– Заметно, да? – поёжился Ахмет. – Лишь бы урусы не узнали, пока я в русских пределах.
– Немножко заметно, – ответил Мустафа. – Скажи, ты с ними торгуешь, наверное, возишь им наши знаменитые сафьяновые сапоги, украшения, специи, приправы, они честно торгуют?
– В торгах никогда не обманывают.
– Вот видишь…
– Что «видишь»? Не надо на земли наши зариться. А торговать с ними даже интересно. Купец-русич иногда сам себя обманет, а другого – никогда. Я им много чего вожу, даже оружие иногда.

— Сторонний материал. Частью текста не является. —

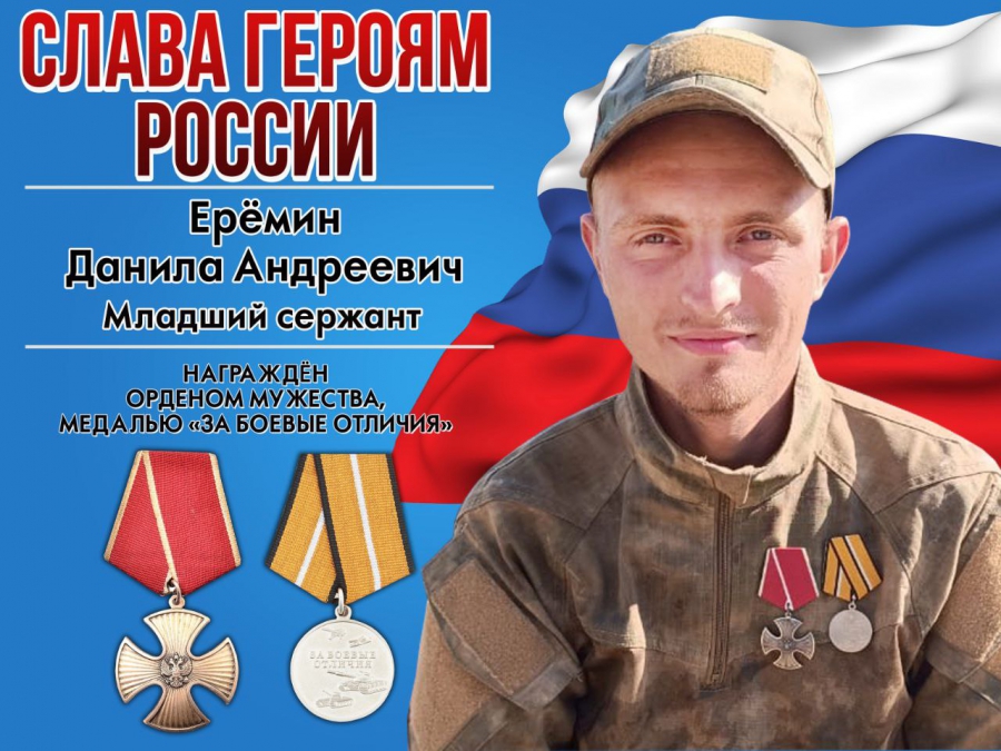 Данила Еремин проходит службу в звании младшего сержанта. По словам Галяшкиной, бойца на СВО наградили Орденом Мужества и медалью «За боевые отличия».

– Оружие? Урусы покупают наши мечи и щиты?
– Мечи и щиты у них лучше наших. А у нас они иногда берут копья, луки и стрелы. – Понимая, что лишнего разоткровенничался, Ахмет сделал поправку: – Но больше никакого оружия я им не вожу, чтобы оно не повернулось против нас самих.
В голове каравана послышались радостные крики.

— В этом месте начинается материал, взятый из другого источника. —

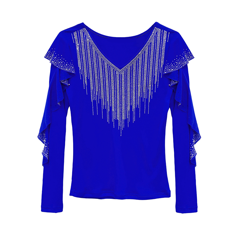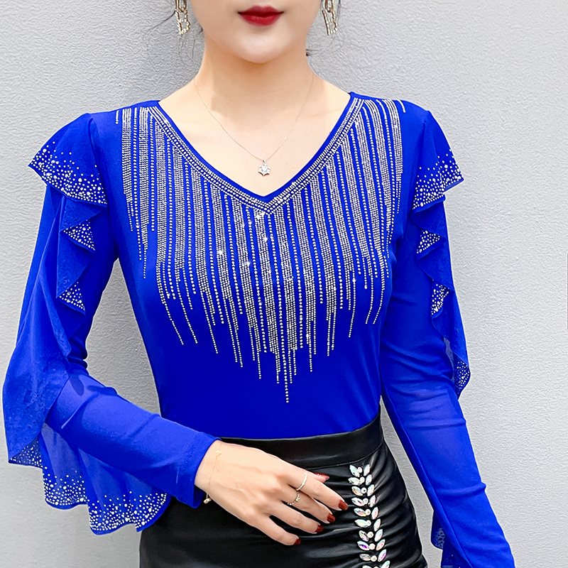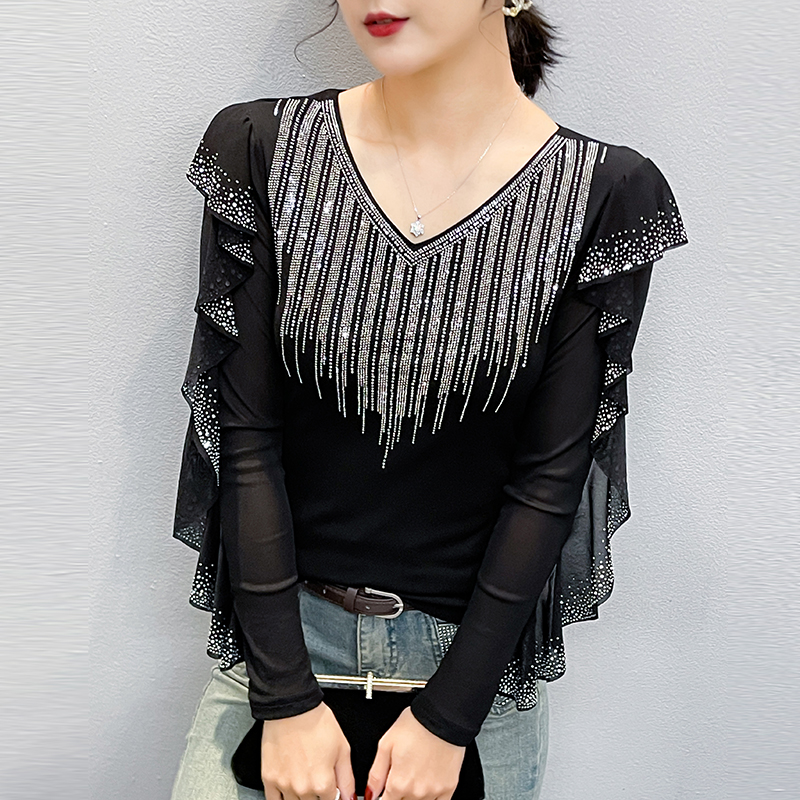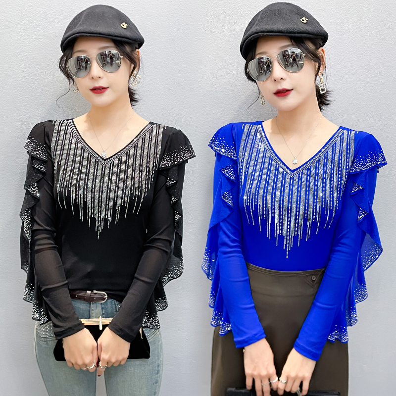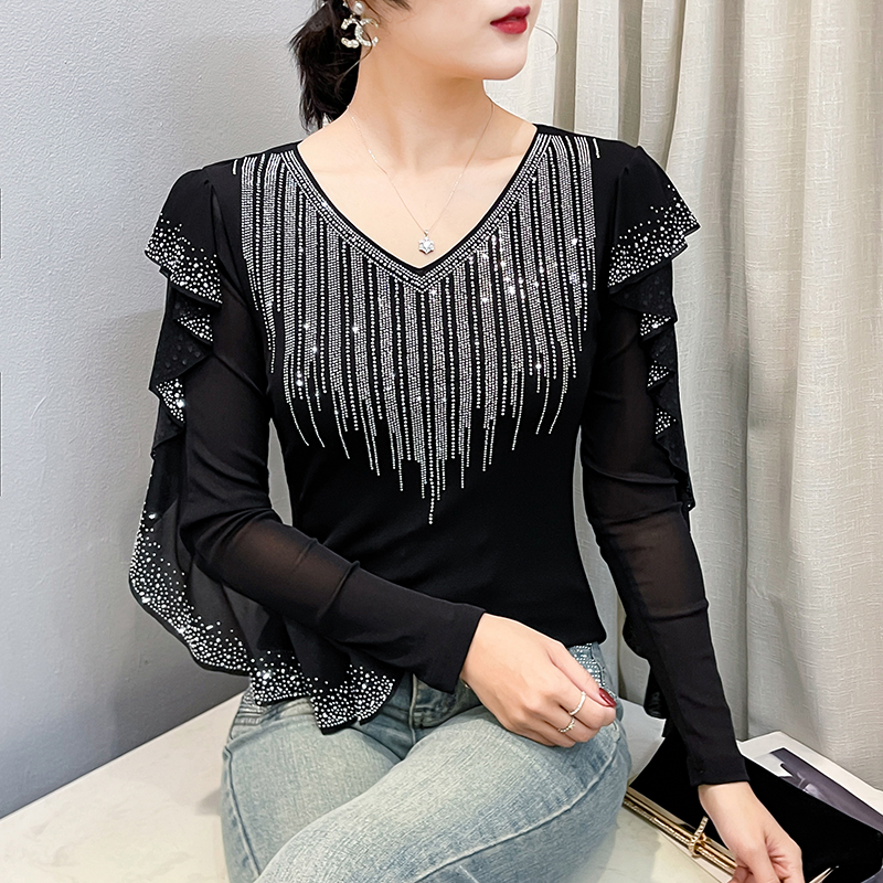FA55316# 欧洲站春上新V领花边镂空镶钻洋气修身显瘦打底衫女潮 服裝批發女裝批發服飾貨源

– Господин, стены Сувара впереди, – сообщил подоспевший слуга.
– Распорядись, чтобы дозорным послали пару бурдюков фряжского вина.

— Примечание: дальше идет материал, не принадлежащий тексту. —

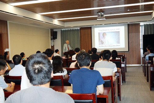 纪念演讲中,鲁国镛先生的遗孀Helen Lo女士首先讲话,回顾了鲁先生令人印象深刻的往事,表示了对先生的怀念。鲁国镛先生的生前同事兼好友James Moran教授作了“The 2nd Fred Lo Lecture”专题报告,介绍了由鲁国镛先生开创和推动的一系列重大天文科学研究的进展,包括河外超脉泽NGC4258的发现、黑洞吸积盘的超高分辨测量以及河外超脉泽测量哈勃常数,追忆往昔,深表对鲁国镛先生的怀念。纪念演讲之后,Moran教授一行参观了毫米波和亚毫米波技术实验室,与紫台科学家进行了学术交流。

– Они пьют во время несения службы? – ужаснулся Мустафа.
– Если бы ты знал, как упали нравы.
От каравана в сторону равномерно белеющих стен поскакал посыльный Ахмета.
– Надо, чтобы все знали и уважали, – сказал купец многозначительно. – Скупых никто не любит.
Мустафа подумал о том, что правду говорят о купцах, которыми целиком завладела выгода, и, наверное, горькая правда заключается в том, что у них нет родины как таковой: где выгодно, там и родная земля.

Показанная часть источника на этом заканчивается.